- [Work to complete] Transcribe the entries below word for word, beginning at the line with "女子向けラノベタイトル風あだ名 | 『えてしう恋絵巻』『えてしうの契約王妃』 |" and stopping after the line with "#MZ세대 #헬시플레저 #Health"; drop all pictures.

- [Supplied information]
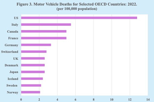 En 2022, la tasa de mortalidad por vehículos registrados fue una de las más altas del grupo. En países como Canadá, Dinamarca, Italia, Japón, Suecia y el Reino Unido, las tasas fueron menos de la mitad que la de Estados Unidos. (Imagen 3)
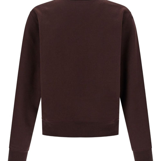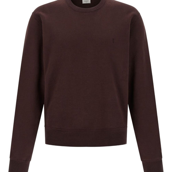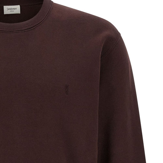 Dark brown cotton fabric crew neck long sleeves ribbed cuffs tone-on-tone embroidery cassandre cotton sweatshirt
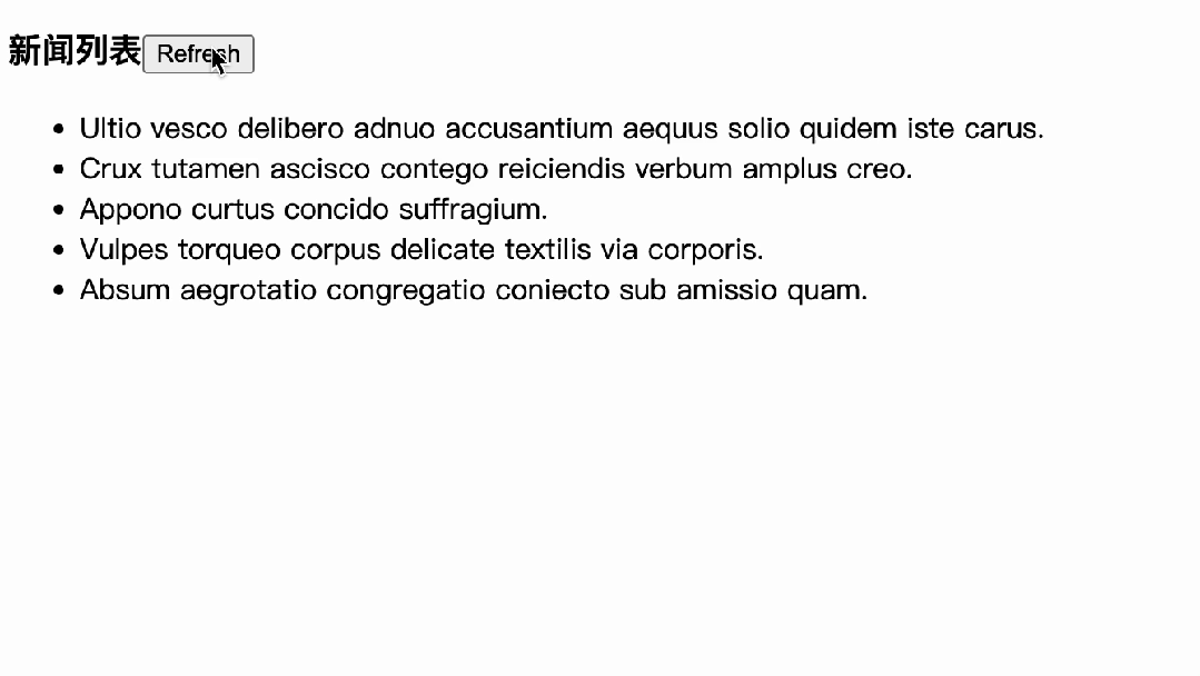 import * as React from 'react';import { useState, use, Suspense } from 'react';import { faker } from '@faker-js/faker';export const App = () => { const [newsPromise, setNewsPromise] = useState(() => fetchNews()); const handleUpdate = () => { fetchNews().then((news) => { setNewsPromise(Promise.resolve(news)); }); }; return ( <> <h3> 新闻列表 <button onClick={handleUpdate}>刷新</button> </h3> <NewsContainer newsPromise={newsPromise} /> </> );};let news = [...new Array(4)].map(() => faker.lorem.sentence());const fetchNews = () => new Promise<string[]>((resolve) => // 使用 setTimeout 模拟数据获取 setTimeout(() => { // 每次刷新时添加一个标题 news.unshift(faker.lorem.sentence()); resolve(news); }, 1000) );const NewsContainer = ({ newsPromise }) => ( <Suspense fallback={<p>请求中...</p>}> <News newsPromise={newsPromise} /> </Suspense>);const News = ({ newsPromise }) => { const news = use<string[]>(newsPromise); return ( <ul> {news.map((title, index) => ( <li key={index}>{title}</li> ))} </ul> );};在上面的例子中,将商品添到购物车时,会先在购物车列表看到刚刚添加的商品,而不必等到数据请求完成。这样,用户可以更快地看到更新后的购物车内容,提供更加流畅的用户体验。
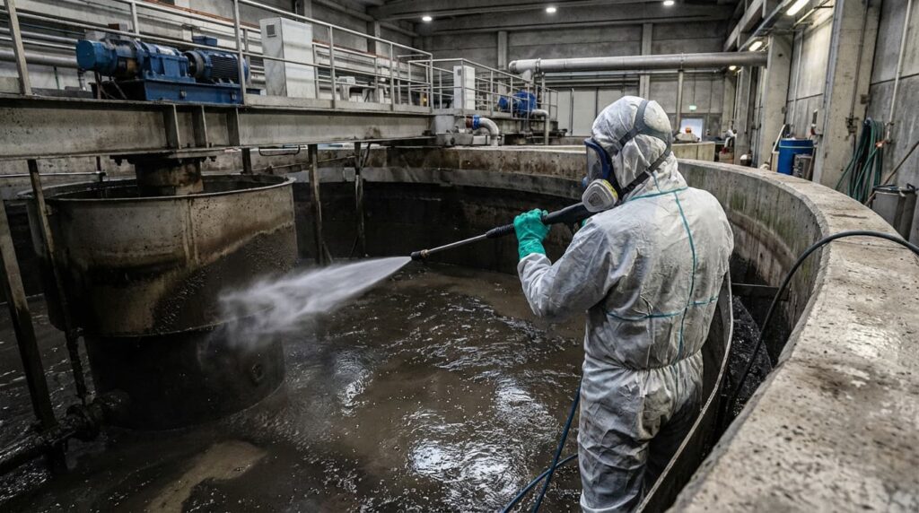 Interveniamo su tutte le sezioni critiche degli impianti trattamento acque industriali: vasche, pretrattamenti, equalizzazione, ossidazione e linee di trasferimento. Preveniamo accumuli e inefficienze e ripristiniamo rapidamente la piena funzionalità dell’impianto, operando anche in spazi confinati con attrezzature certificate.
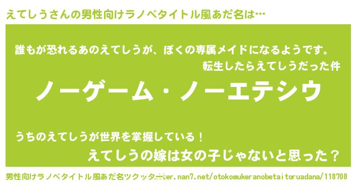 | 女子向けラノベタイトル風あだ名 | 『えてしう恋絵巻』『えてしうの契約王妃』 |
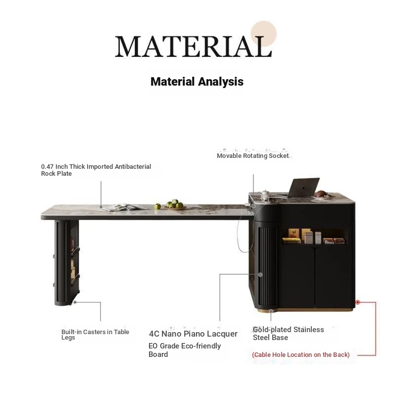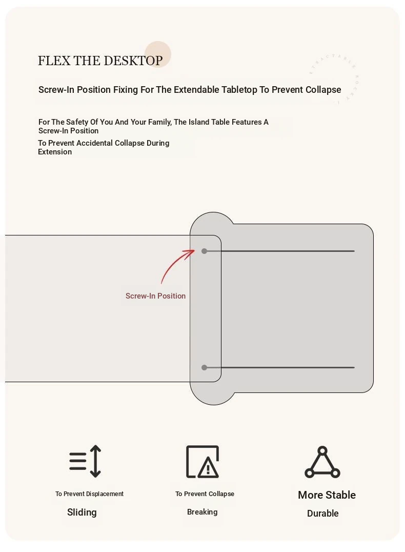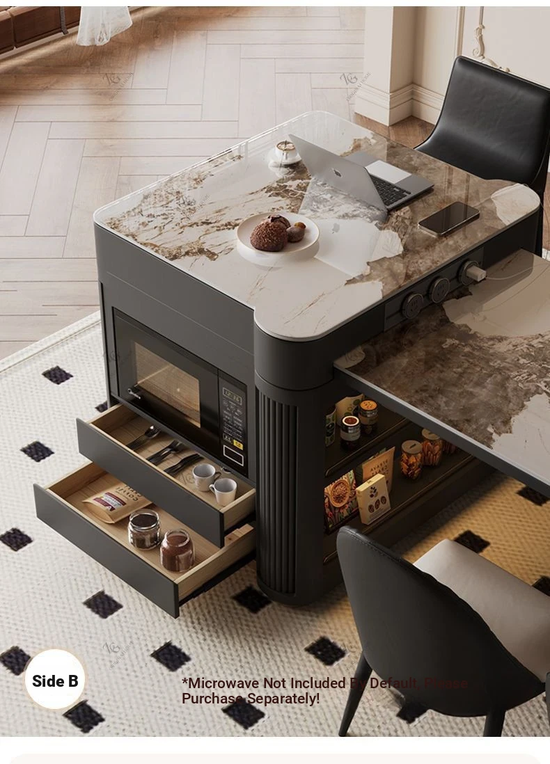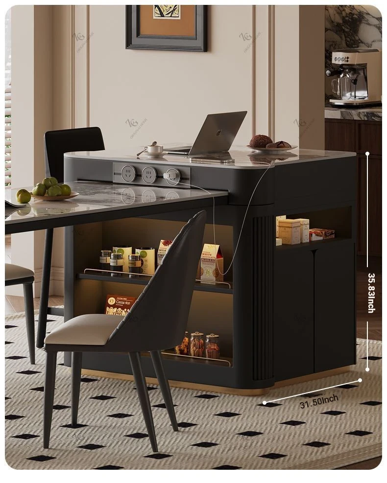 Italian-Style Expandable Kitchen Island Table - Modern Dining Table for Small Spaces, High-End Design for Home Use, Perfect for Dining Rooms
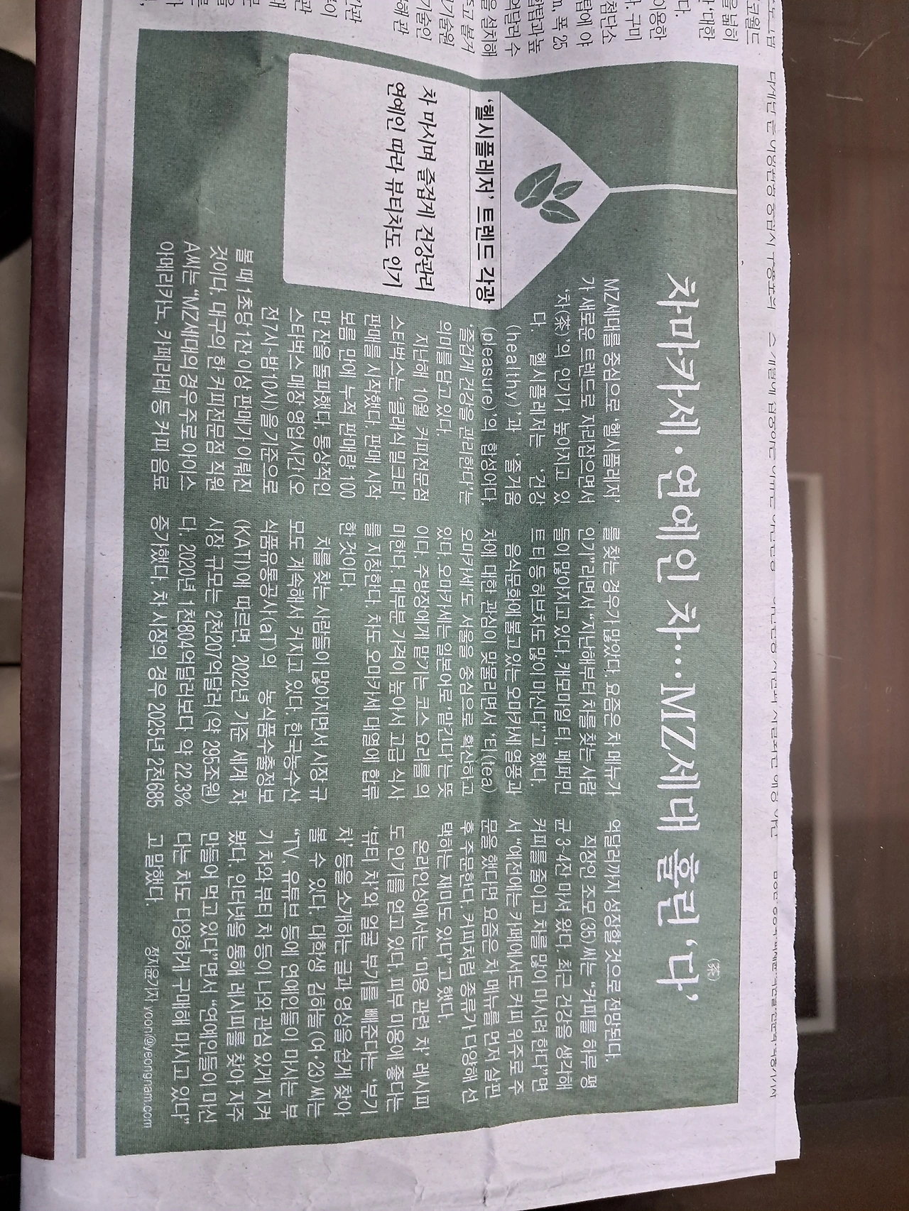 #MZ세대 #헬시플레저 #Health #Pleasure #스벅 #지난10월부터 #클래식밀크티 #판매시작보름만에 #100만잔판매돌파 #아이스아메리카노카페라테에서 #캐모마일티 #페퍼민트티등 #허브차가대세 #차마카세 #연예인차 #시장규모 #2025년 #2천685억달러전망 #미용관련차레시피인기 #뷰티차인기 #영남일보
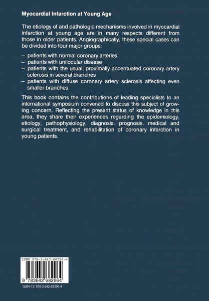 Session 1 Epidemiology and Risk Factors.- The Epidemiology of Acute Myocardial Infarction in Young Age Groups.- Myocardial Infarction in Young Men in the Heidelberg Register Area.- Coronary Artery Disease in Young Adults Under 35 Years Old: Risk Factors (Swiss Survey).- Myocardial Infarction Among Men Below Age 40 in Göteborg.- Myocardial Infarction at Young Age: Risk Factors and Natural History.- Role of Family History in Coronary Heart Disease at Young Age.- Session 2 Angiographic Findings and Prognosis.- Coronary Arteriographic Findings in Younger Survivors of Acute Myocardial Infarction Including Those with Normal Coronary Arteries.- Angiographic Findings in Postinfarction Patients Under the Age of 35.- Coronary Angiographic Findings and Risk Factors in Postinfarction Patients Under the Age of 40.- Evolution of Ventricular Function in Young Patients with Myocardial Infarction and Normal Coronary Arteries: Advantage of Isotopic Methods.- Prognosis of Coronary Heart Disease and Progression of Coronary Arteriosclerosis in Postinfarction Patients Under the Age of 40.- Session 3 Pathology and Pathomechanisms I.- Myocardial Infarction in Patients Under the Age of 40: Autopsy Findings.- Comparison of Luminal Narrowing by Atherosclerotic Plaques in Young and Very Old Necropsy Patients with Fatal Coronary Events.- Coexistence of Vigorous Exercise and Heavy Smoking in Triggering Acute Myocardial Infarction in Men Under 35 Years - Fact or Fiction?.- Myocardial Infarction at Young Age During High Physical Exercise.- Acute Myocardial Infarction in Young Women: Evidence for Spontaneous Lysis of a Coronary Thrombus.- Session 4 Pathology and Pathomechanisms II.- Major Role of Coronary Spasm in the Pathogenesis of Myocardial Infarction at Young Age.- Myocardial Infarction andNormal Coronary Arteries: Possible Role of Spasm.- Relationship of Age and Serum Cholesterol to Platelet Survival Time in Men with Coronary Artery Disease.- Risk Factors in Patients with Myocardial Infarction Under the Age of 40.- Session 5 Therapy I.- Mechanism and Prevention Possibilities in Coronary Thrombosis.- Intracoronary Fibrinolysis in Acute Myocardial Infarction in Young Patients.- Beta-Blocker Treatment in the Chronic Phase of Myocardial Infarction in Young Age Groups.- Prevention of Sudden Death in Young Patients: The Role of Antiarrhythmic Therapy.- Occupational Situation in Postinfarction Patients Under the Age of 40.- Psychological and Vocational Aspects in Postinfarction Patients Below the Age of 40.- Risk Reduction and Coronary Progression and Regression in Humans.- Session 6 Therapy II (Surgery).- Myocardial Revascularization in Patients Under 40 Years of Age.- Long-Term Results of Ventricular Aneurysm Repair in Patients Under 45 Years of Age.- Surgical Treatment of Chronic Ventricular Tachycardia After Myocardial Infarction.
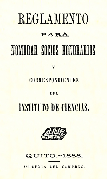 Espinosa, J, Modesto y Muis C. de la Vaca. 1889. Reglamento para nombrar socios honorarios y correspondientes del Instituto de Ciencias. Quito, Ecuador : Imprenta del Gobierno.
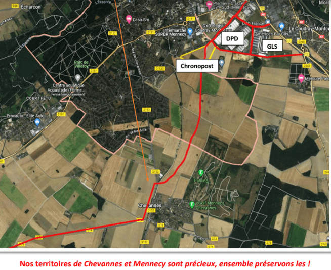 Le projet de la desserte Val d’Essonne permettra un trafic de 15 000 véhicules par jour ou plus… Les plateformes DPD (l’activité démarre) et GLS sont déjà construites mais pas encore en activité pour GLS (114 quais de chargement!).
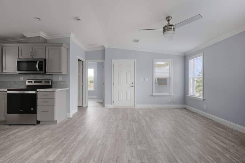 New 2024 Palm Harbor ranch style home, featuring an open concept living space, 2 bedrooms, 2 baths, living room, dining room and a well-designed modern kitchen to suit your needs. You do not want to miss out on the opportunity to own this beautiful home. On a great corner lot with very spacious driveway close to all amenities.

- [Exercise answer]
 | 女子向けラノベタイトル風あだ名 | 『えてしう恋絵巻』『えてしうの契約王妃』 |
 Italian-Style Expandable Kitchen Island Table - Modern Dining Table for Small Spaces, High-End Design for Home Use, Perfect for Dining Rooms
 #MZ세대 #헬시플레저 #Health #Pleasure #스벅 #지난10월부터 #클래식밀크티 #판매시작보름만에 #100만잔판매돌파 #아이스아메리카노카페라테에서 #캐모마일티 #페퍼민트티등 #허브차가대세 #차마카세 #연예인차 #시장규모 #2025년 #2천685억달러전망 #미용관련차레시피인기 #뷰티차인기 #영남일보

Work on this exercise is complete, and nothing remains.